╭─ RECORDS PROVIDED

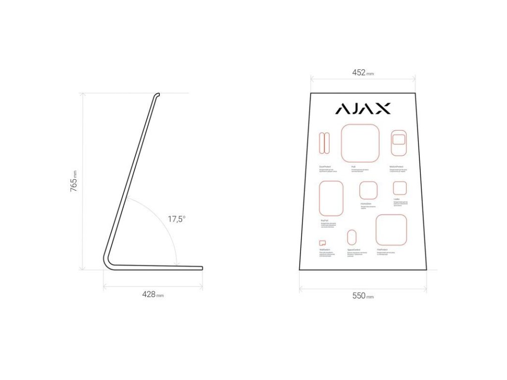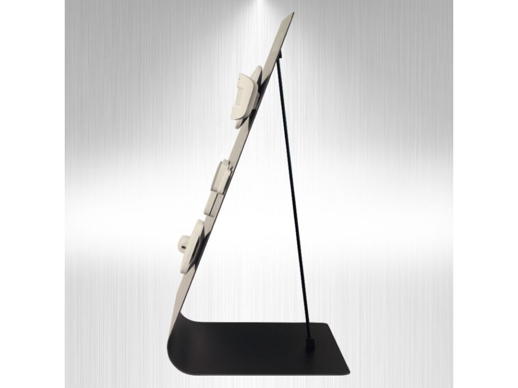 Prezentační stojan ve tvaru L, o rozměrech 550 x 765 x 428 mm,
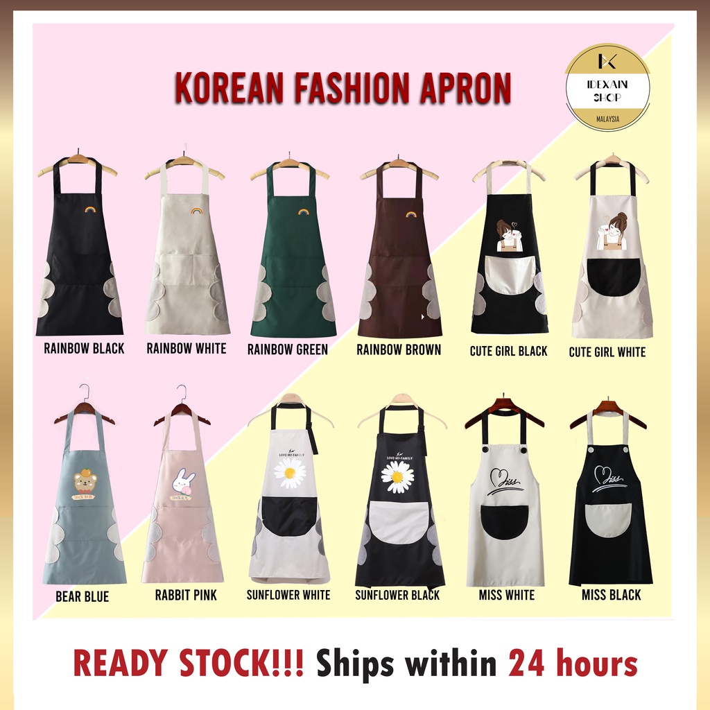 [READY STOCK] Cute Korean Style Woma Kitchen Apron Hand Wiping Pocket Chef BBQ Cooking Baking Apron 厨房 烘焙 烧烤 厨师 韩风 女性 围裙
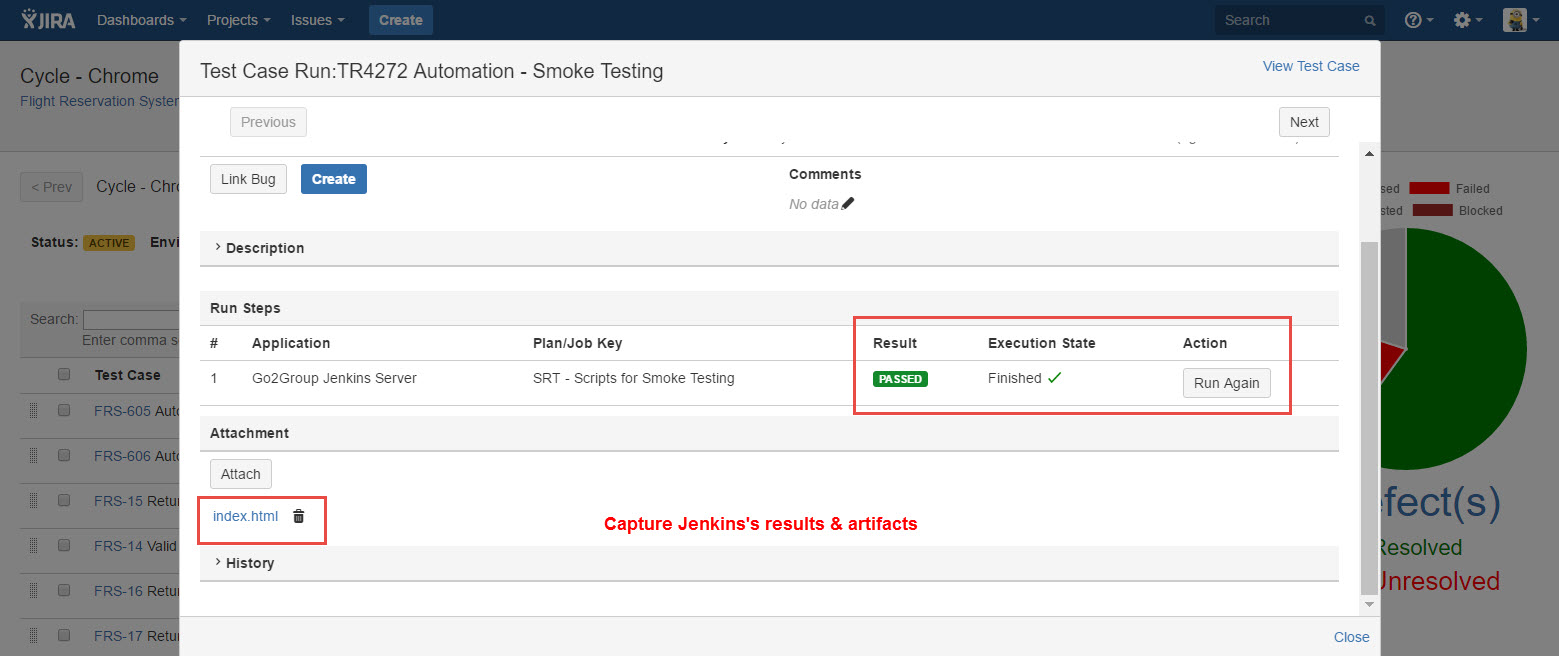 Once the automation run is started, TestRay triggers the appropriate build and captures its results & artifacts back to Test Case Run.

╰─
╭─ RECORDS PROVIDED

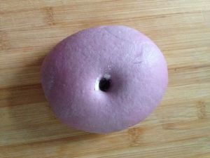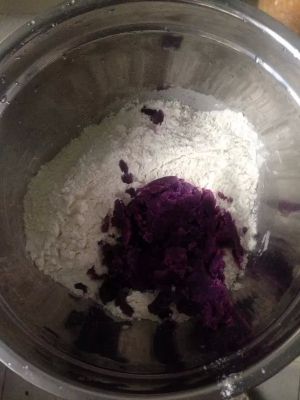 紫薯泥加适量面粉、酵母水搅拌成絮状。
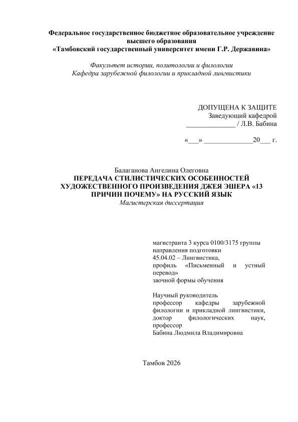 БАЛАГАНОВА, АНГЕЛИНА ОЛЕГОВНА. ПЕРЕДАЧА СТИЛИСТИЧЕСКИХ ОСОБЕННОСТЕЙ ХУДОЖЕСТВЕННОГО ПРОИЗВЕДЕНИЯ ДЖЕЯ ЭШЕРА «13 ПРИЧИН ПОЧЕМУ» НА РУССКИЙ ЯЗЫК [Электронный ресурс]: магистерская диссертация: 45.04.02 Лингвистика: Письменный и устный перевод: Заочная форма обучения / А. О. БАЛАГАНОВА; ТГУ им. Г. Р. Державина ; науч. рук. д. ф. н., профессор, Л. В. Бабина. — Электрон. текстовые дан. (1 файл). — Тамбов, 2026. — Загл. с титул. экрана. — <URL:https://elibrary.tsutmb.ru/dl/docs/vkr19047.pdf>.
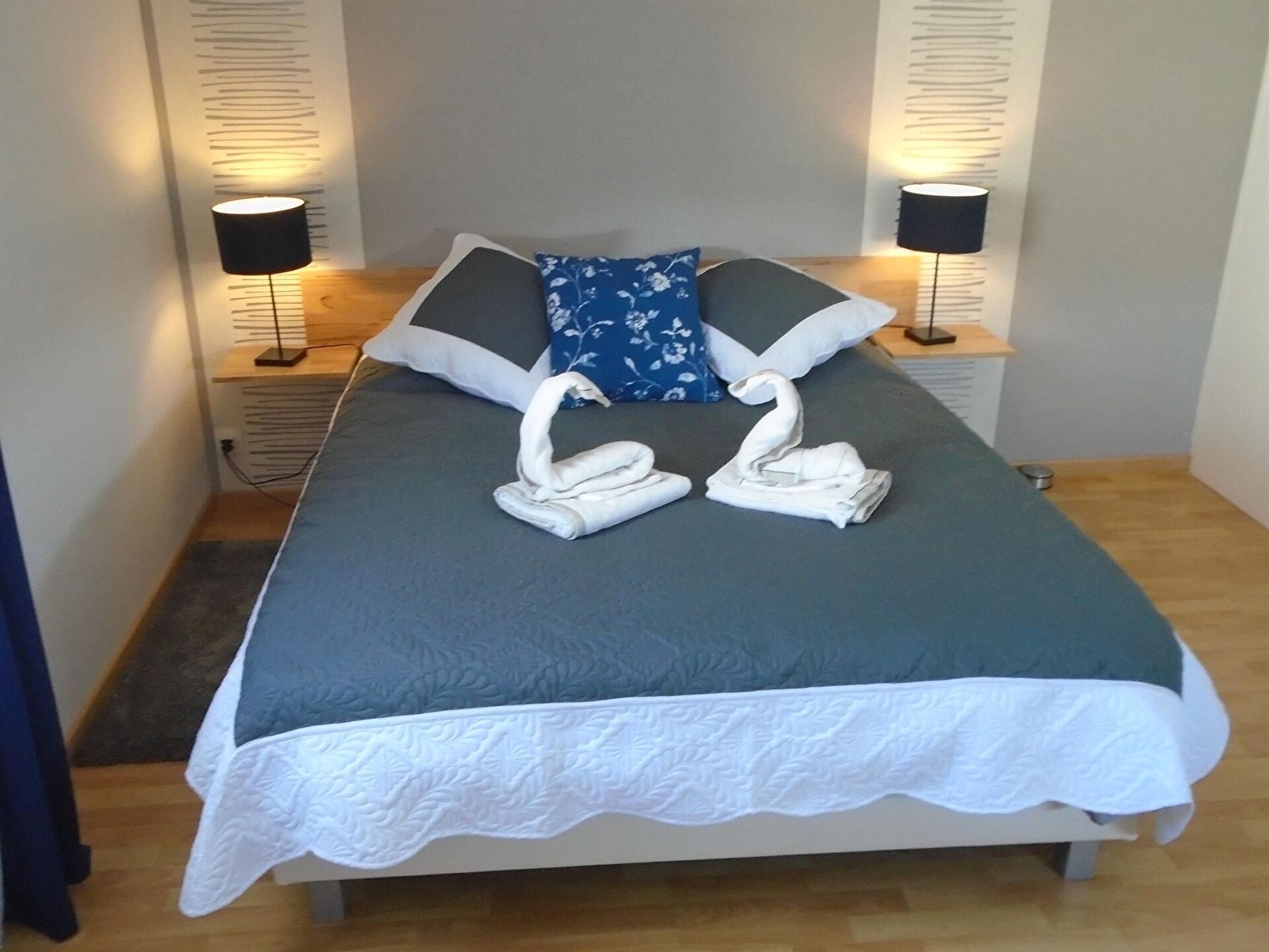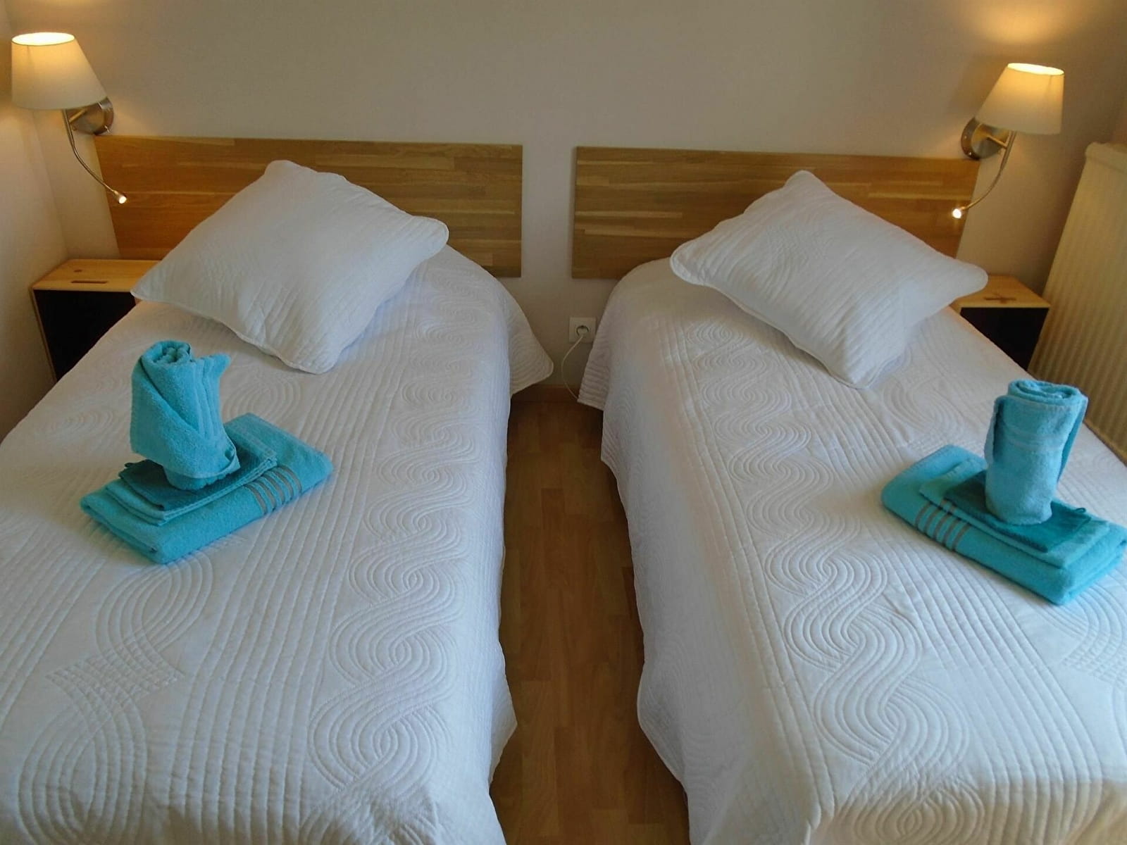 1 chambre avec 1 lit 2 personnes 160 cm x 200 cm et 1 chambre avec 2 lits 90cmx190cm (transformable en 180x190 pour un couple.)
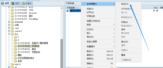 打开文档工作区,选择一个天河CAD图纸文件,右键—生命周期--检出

╰─
╭─ RECORDS PROVIDED

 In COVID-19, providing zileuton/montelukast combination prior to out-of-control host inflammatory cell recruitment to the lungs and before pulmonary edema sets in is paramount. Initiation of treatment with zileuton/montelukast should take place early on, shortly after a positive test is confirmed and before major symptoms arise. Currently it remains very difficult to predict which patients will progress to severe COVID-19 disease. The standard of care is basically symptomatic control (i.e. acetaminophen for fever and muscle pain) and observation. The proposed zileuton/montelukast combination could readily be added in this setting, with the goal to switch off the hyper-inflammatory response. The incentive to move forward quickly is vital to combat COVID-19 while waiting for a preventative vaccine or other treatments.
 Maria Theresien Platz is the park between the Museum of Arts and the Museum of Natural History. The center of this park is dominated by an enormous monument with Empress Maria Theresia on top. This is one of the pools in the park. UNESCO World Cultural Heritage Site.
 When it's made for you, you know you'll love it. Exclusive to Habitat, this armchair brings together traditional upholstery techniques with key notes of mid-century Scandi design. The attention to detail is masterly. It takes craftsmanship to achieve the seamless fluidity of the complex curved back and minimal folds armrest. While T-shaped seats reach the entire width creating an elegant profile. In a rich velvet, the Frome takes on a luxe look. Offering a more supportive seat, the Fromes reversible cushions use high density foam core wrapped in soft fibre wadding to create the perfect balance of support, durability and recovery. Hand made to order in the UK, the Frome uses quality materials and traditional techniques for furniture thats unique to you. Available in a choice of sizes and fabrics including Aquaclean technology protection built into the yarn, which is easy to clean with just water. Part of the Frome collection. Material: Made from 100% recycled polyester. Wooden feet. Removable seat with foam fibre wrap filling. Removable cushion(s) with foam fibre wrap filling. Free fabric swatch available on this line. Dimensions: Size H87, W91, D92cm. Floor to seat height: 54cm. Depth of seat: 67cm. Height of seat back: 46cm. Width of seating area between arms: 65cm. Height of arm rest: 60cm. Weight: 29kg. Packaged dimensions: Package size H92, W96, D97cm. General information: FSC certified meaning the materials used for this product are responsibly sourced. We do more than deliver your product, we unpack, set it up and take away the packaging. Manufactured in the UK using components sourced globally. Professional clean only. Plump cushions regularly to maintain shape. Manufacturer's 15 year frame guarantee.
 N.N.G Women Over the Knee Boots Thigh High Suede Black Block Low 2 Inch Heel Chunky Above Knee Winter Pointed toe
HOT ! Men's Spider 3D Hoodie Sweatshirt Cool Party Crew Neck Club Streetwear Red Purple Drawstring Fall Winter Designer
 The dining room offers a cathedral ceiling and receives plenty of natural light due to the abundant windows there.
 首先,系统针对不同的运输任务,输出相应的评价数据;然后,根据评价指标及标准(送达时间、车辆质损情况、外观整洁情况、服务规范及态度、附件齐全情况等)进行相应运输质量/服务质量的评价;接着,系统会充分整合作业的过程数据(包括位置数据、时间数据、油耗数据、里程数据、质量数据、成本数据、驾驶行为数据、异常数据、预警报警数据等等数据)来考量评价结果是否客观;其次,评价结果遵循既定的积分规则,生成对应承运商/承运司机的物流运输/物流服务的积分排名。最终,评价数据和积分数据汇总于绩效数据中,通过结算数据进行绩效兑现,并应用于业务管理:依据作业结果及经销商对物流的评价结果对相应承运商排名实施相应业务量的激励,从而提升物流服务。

╰─

TASK OBJECTIVE → Your task is to find each line in the entries that contains the string "Winter" and copy it.

RESULT FOR THIS EXERCISE →
 N.N.G Women Over the Knee Boots Thigh High Suede Black Block Low 2 Inch Heel Chunky Above Knee Winter Pointed toe
HOT ! Men's Spider 3D Hoodie Sweatshirt Cool Party Crew Neck Club Streetwear Red Purple Drawstring Fall Winter Designer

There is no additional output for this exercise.